After two hospital admissions, multiple setbacks, pathetic services, several setbacks, a river of tears, and nightmares I would rather forget, I have begun to follow the road to recovery entitled my ‘Yellow Brick Road’.
The reason I call it this is because of the references to ‘The Wizard of Oz‘. Dorothy is whisked away to the land of Oz, and is desperate to get back to her home in Kansas. The munchkins tell her she needs to follow the yellow brick road, in order to meet the Wizard of Oz to ask for his help to get back to her Aunt. Along the way she discovers several other lost souls who need help from the wizard himself, and they walk along together in the hope to have the wishes granted. Turns out that it takes the person you are inside to appreciate life as it is. Nothing is ever perfect and if you dwell on what you don’t have, then you miss the things you have about yourself that are just as special. Dorothy learns that she has to stop dreaming of a better place and remember that “There is no place like home“. Just as I am learning (all be it a lot slower) that there is no better Sarah than who I really am.

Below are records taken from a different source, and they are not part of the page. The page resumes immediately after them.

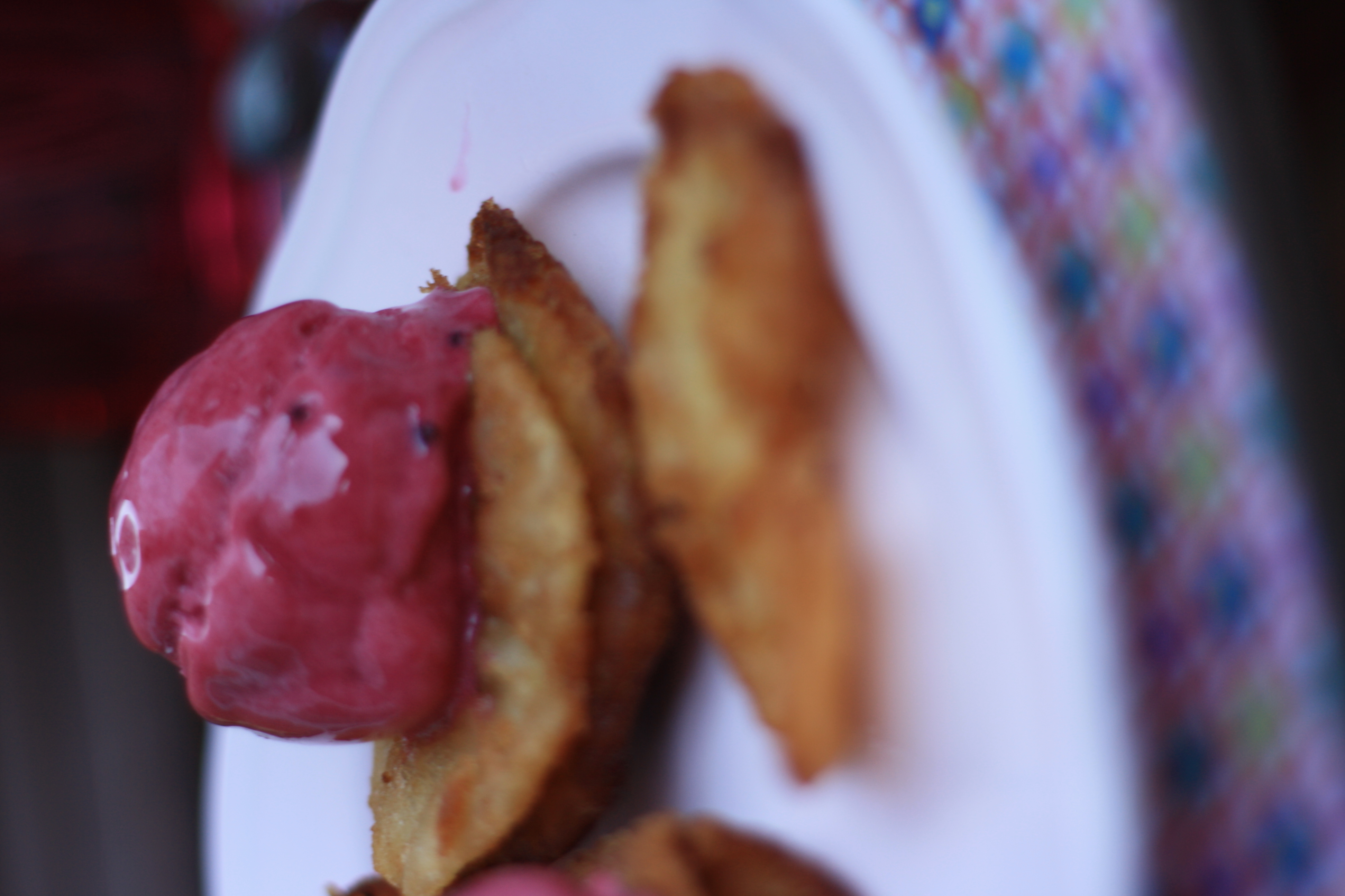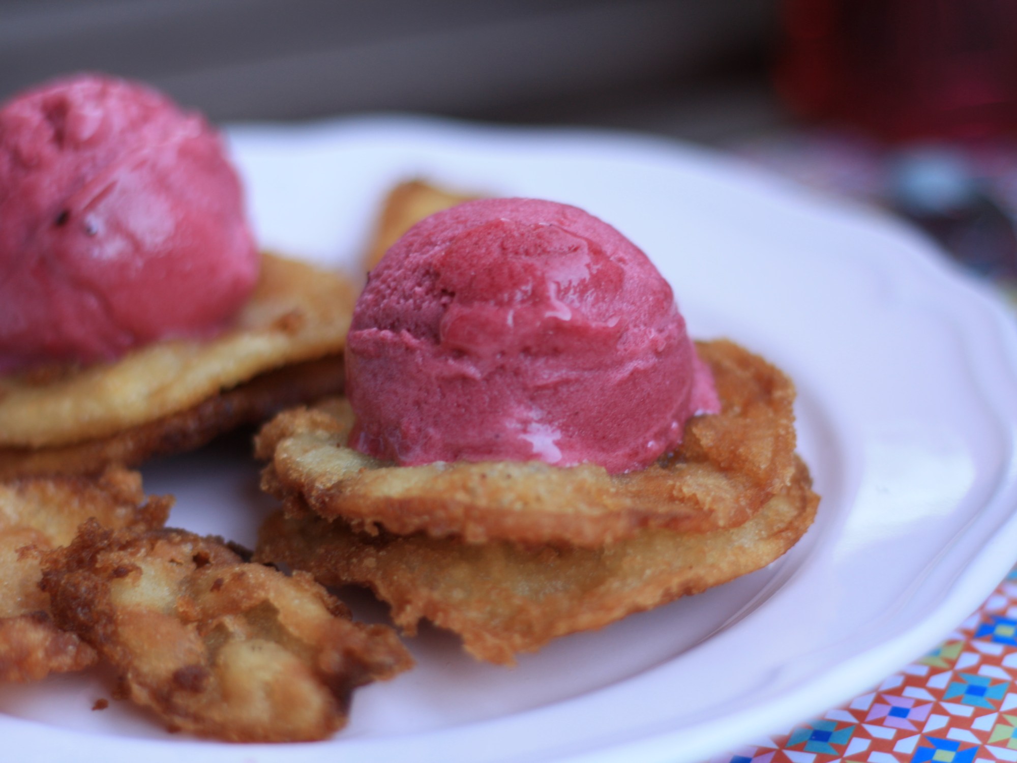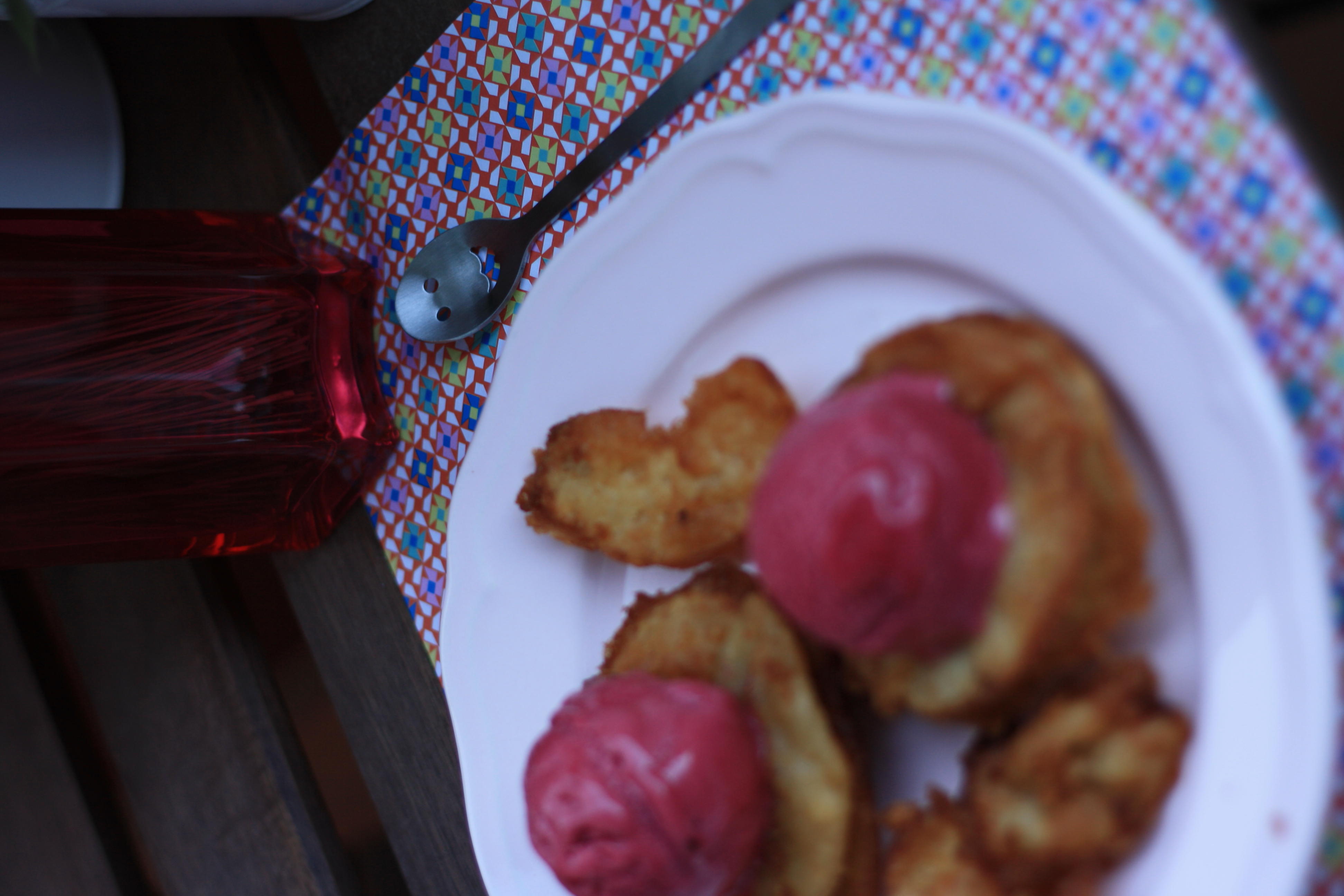Lo escurrimos bien, lo dejamos enfriar… y lo coronamos con helado de frutos rojos. El toque de la manzana súper dulce y el helado frío de frutos rojos con su toque ácido, es una pasada.
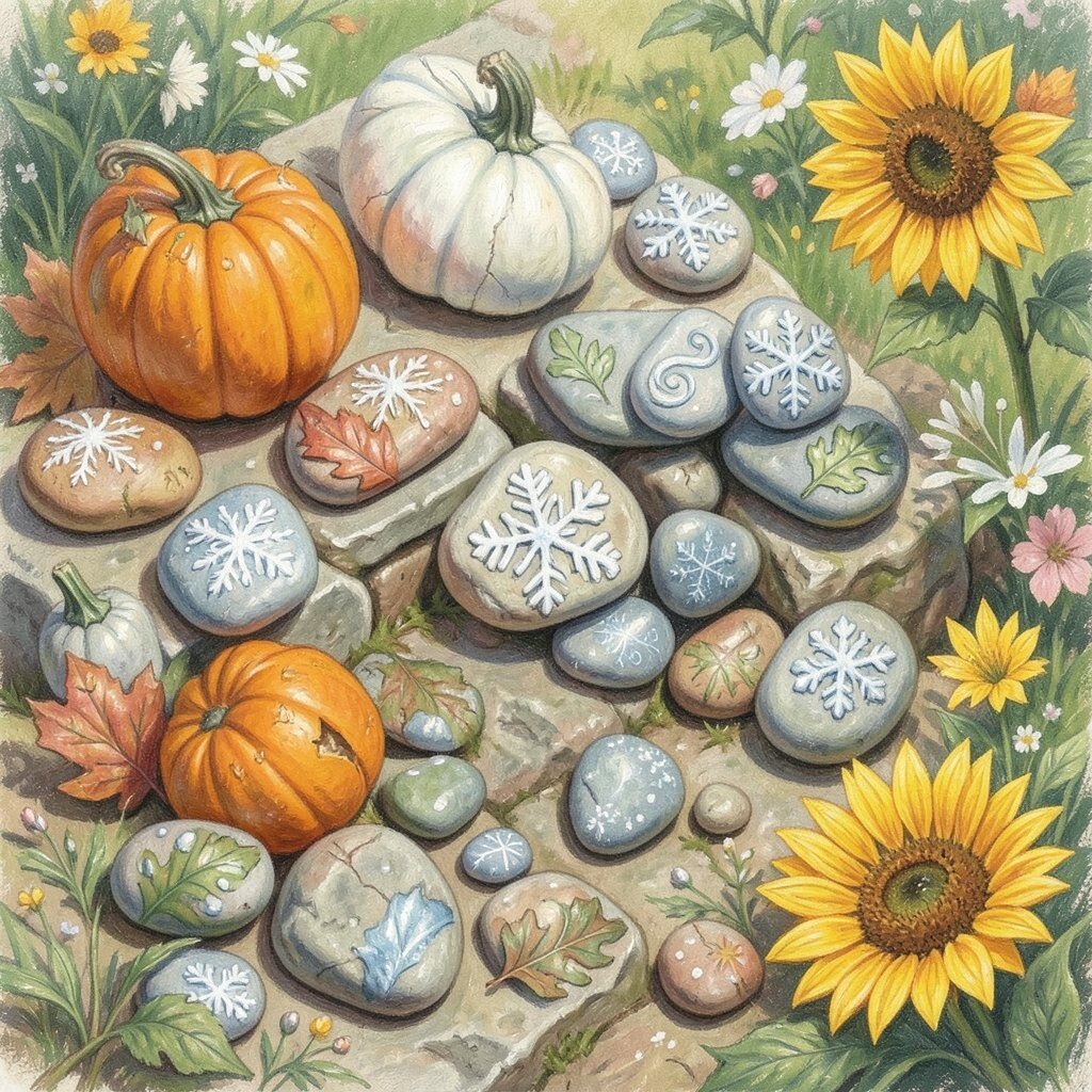 Celebrate each season with themed stones. Think pumpkins for fall, snowflakes for winter, or sunflowers for summer. These stones are a lovely way to mark the changing seasons.
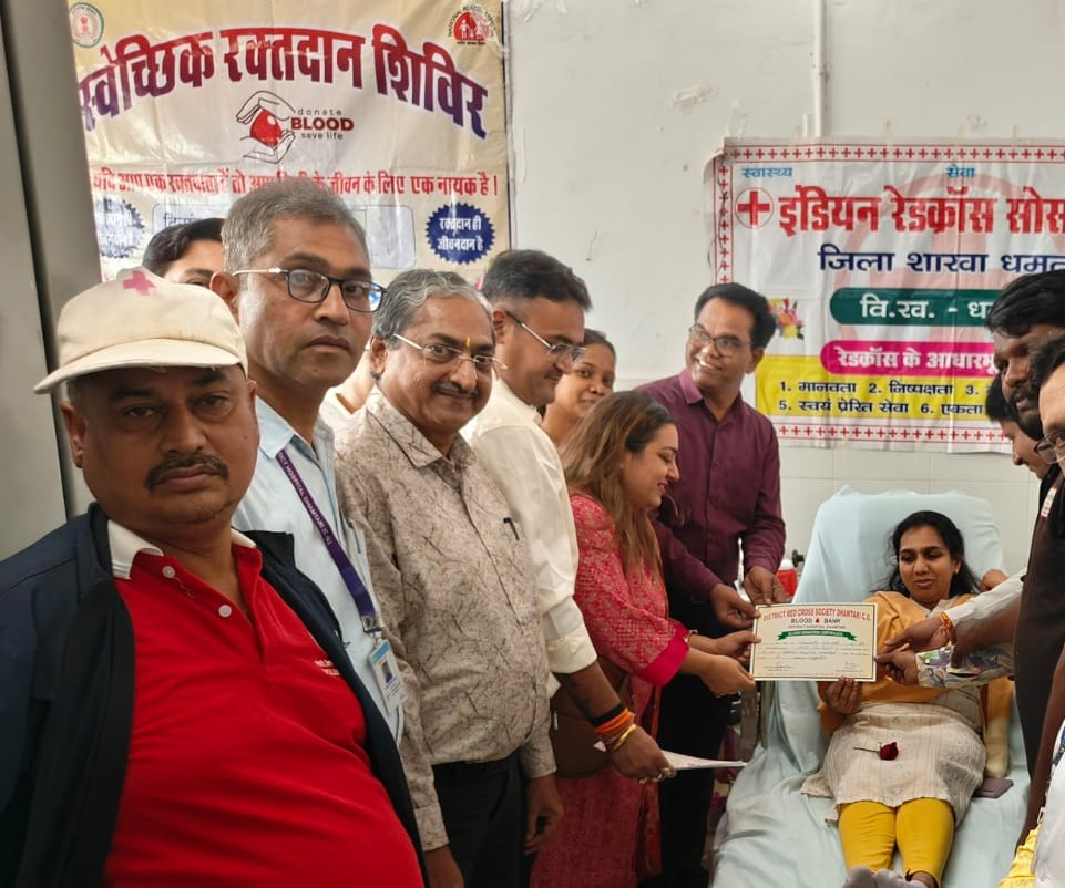 धमतरी – छत्तीसगढ़ केमिस्ट एन्ड डिस्ट्रीब्यूटर एसोसिएशन, जिला औषधि विक्रेता संघ द्वारा जिला अस्पताल धमतरी में स्वैच्छिक रक्तदान शिविर का आयोजन किया गया। इस अवसर पर कलेक्टर सुश्री नम्रता गांधी सहित बड़ी संख्या में लोगों ने रक्तदान किया। कलेक्टर ने कहा कि जीवन में जैसे हम पुण्य के अन्य कार्य करते हैं, वैसे ही रक्तदान भी एक पुण्य का काम है। उन्होंने कहा कि हमें या किसी और को कब, कहां और कैसे रक्त की आवश्यकता पड़ जाती है, इसका किसी को पता नहीं होता। हम जो रक्तदान करते हैं, वह कहीं ना कहीं हमारे या हमारे किसी रिश्तेदार, परिवार अथवा जरूरतमंद के उपयोग में आता है। कलेक्टर सुश्री गांधी ने जिलेवासियों से अपील की है कि रक्त की कमी को पूरा करने के लिये लोगों को ज्यादा से ज्यादा रक्तदान करना चाहिए। उन्होंने कहा कि यदि शरीर स्वस्थ है और रक्तदान करने में सक्षम हैं, तो तीन माह में अवश्य रक्तदान करें। इस अवसर पर मुख्य चिकित्सा एवं स्वास्थ्य अधिकारी डॉ यू एल कौशिक, सिविल सर्जन डॉ ए के टोंडर, जिला कार्यक्रम प्रबंधक डॉ प्रिया कंवर सहित जिला अस्पताल का अमला और रक्तदाता उपस्थित रहे।
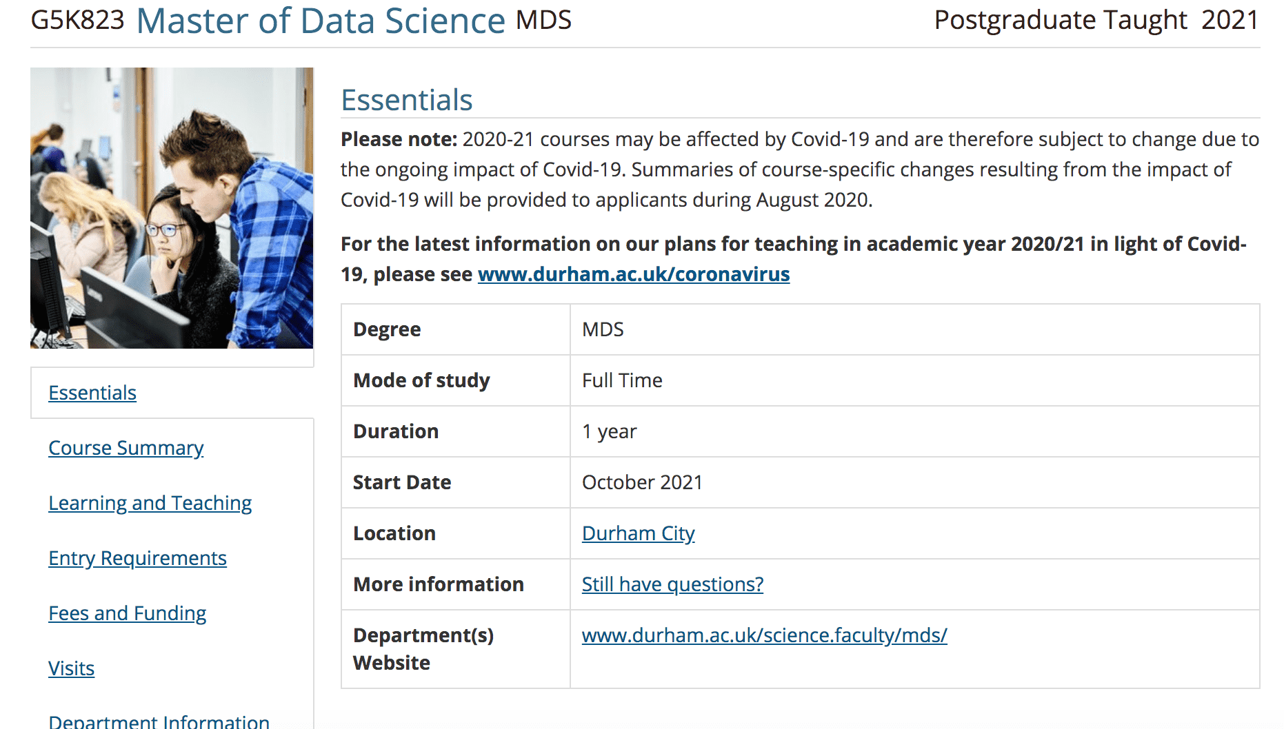 除了LSE以外。杜伦大学也在近期宣布为2021年入学的研究生同学们新开了数据科学类专业,项目名称为Master of Data Science。这个新专业最大的亮点在于,这是专门给跨专业学生开设的Conversion课程!

We are all unique, one of a kind and no one else will compare. Our world today, is constantly analysing every inch of our lives, pushing and pressuring us to be the best idyllic person there can possibly be. If it’s not our bodies then it’s our job. If it’s not our job, it’s our home. If it’s not our home, it’s the way we socialise. The list for perfection goes on and on! Even now I am constantly searching for the best ways to eat, live, love, travel and keep fit. But the question I always come back to is ‘Will that really solve all my problems and make me happier?’ the majority of the time the answer is no. They may contribute to my overall happiness in the short term, but what will really keep me happy in life, is if I take care of my soul and it’s true desires. Worrying over the way we look to the rest of the world is a life wasted, as we can never please everyone. We need to gain better perspective of the value of what we already have instead of searching for more of what we probably won’t ever reach because it is too much to expect of anyone to ever maintain.
Though I am not there yet, I am taking each step at a time pacing myself at my speed, trying not to expect too much too soon. Appreciate how much I love the people around me and what I have to live for. Here on this page, I aim to open the door into my unseen world and hope that you can begin to maybe understand a little more about mental health, or even relate to my story. For all of you out there, no matter where you are in your journey through life- there is always hope. I never thought this would ever be so for me. I was convinced I was condemned to an existence with Ana or I would just cease to exist anymore because of her. Hold on the light inside of you that got you here today. The yellow bricks grow brighter and brighter the further along I go, so there is hope in recovery to once again be free. That is where I dream to be, free as a butterfly.